En el análisis multivariado se construyó un modelo de regresión logística binaria con el objetivo de estimar la probabilidad de desarrollar síndrome post-UCI en función de variables demográficas y de exposición a cuidados críticos. El desenlace fue la presencia de síndrome post-UCI (1 = sí, 0 = no). Se incluyeron como predictores: edad, sexo, estancia en UTI, duración de la ventilación mecánica, uso de vasopresores y exposición a ventilación mecánica como variable dicotómica.

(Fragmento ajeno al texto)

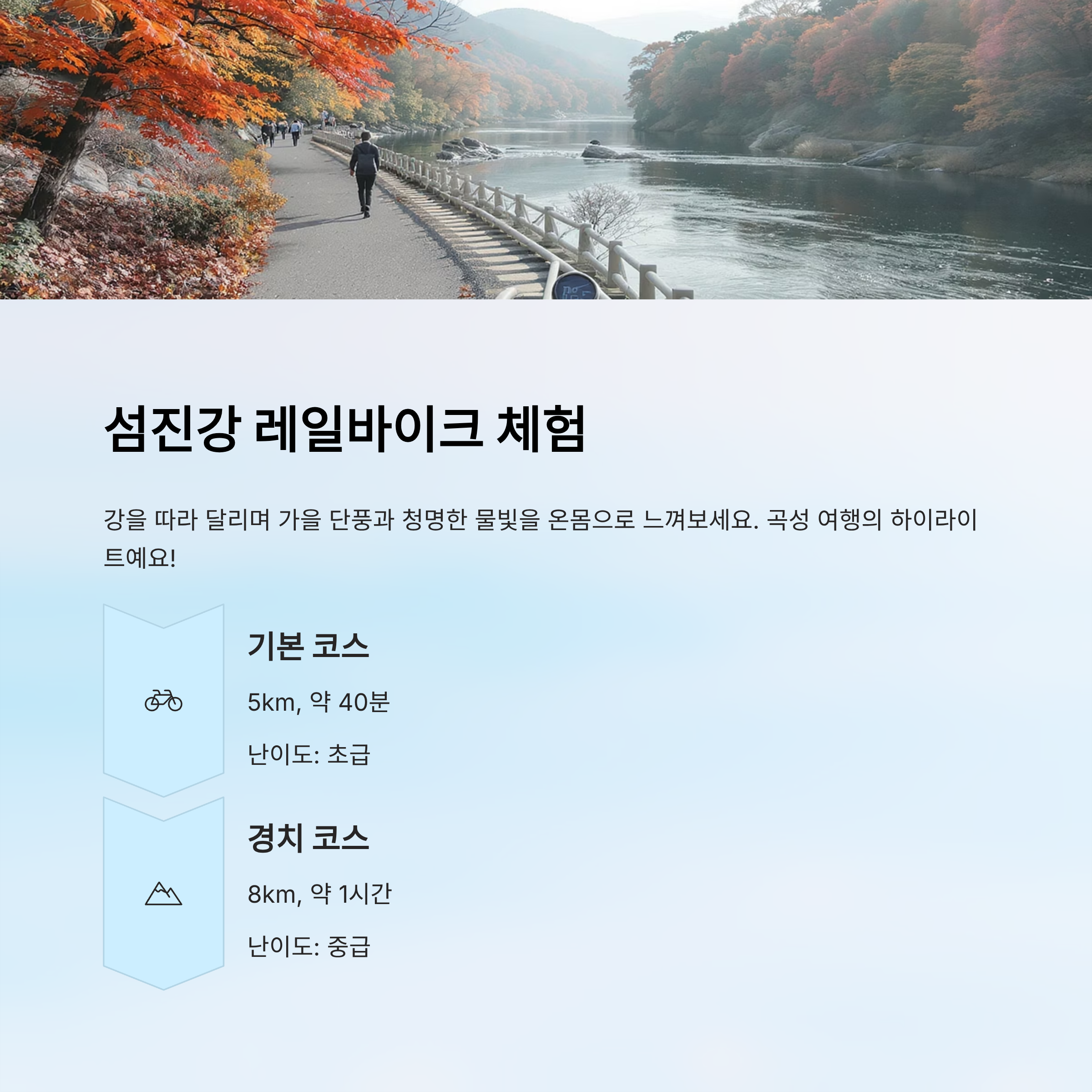 코스 선택은 체력과 일정에 맞게 결정하면 좋아요. 기본 코스는 가볍게 즐기기 좋고, 경치 코스는 단풍과 강의 풍경을 더 오래 감상할 수 있어요.

Los resultados mostraron que la estancia en UTI fue el predictor más fuerte, con odds ratio (OR) de 4.7 (IC95% 2.8-8.0, p < 0.001), lo que indica que un aumento equivalente a una desviación estándar en la duración de la hospitalización incrementa de forma significativa las probabilidades de síndrome post-UCI. La duración de la ventilación mecánica también se asoció con mayor riesgo (OR ≈ 2.3; IC95% 1.28-4.11, p < 0.01), mientras que el sexo masculino mostró asociación positiva independiente (OR ≈ 2.18; IC95% 1.34-4.10, p < 0.05). La edad presentó una tendencia hacia un mayor riesgo, aunque con intervalos de confianza amplios que reflejan incertidumbre en la estimación. Ni el uso de vasopresores ni la variable dicotómica de ventilación mecánica mostraron asociaciones significativas, siendo esta última desplazada en poder explicativo por la variable continua de horas de ventilación.

Fórmula del modelo:

logit(p) = ln (p/(1-p)) = β 0 + β1 zEdad + β2 zHorasUTI + β 3 zHorasVM + β4 Vasopresores + β5 VM + β6 sexo masculino

Donde cada z es la versión estandarizada del predictor continuo.

El mejor punto de corte del modelo fue 0.625, el cual se determinó mediante el método de Youden, que correspondió a una sensibilidad de 70.4% y una especificidad de 100%.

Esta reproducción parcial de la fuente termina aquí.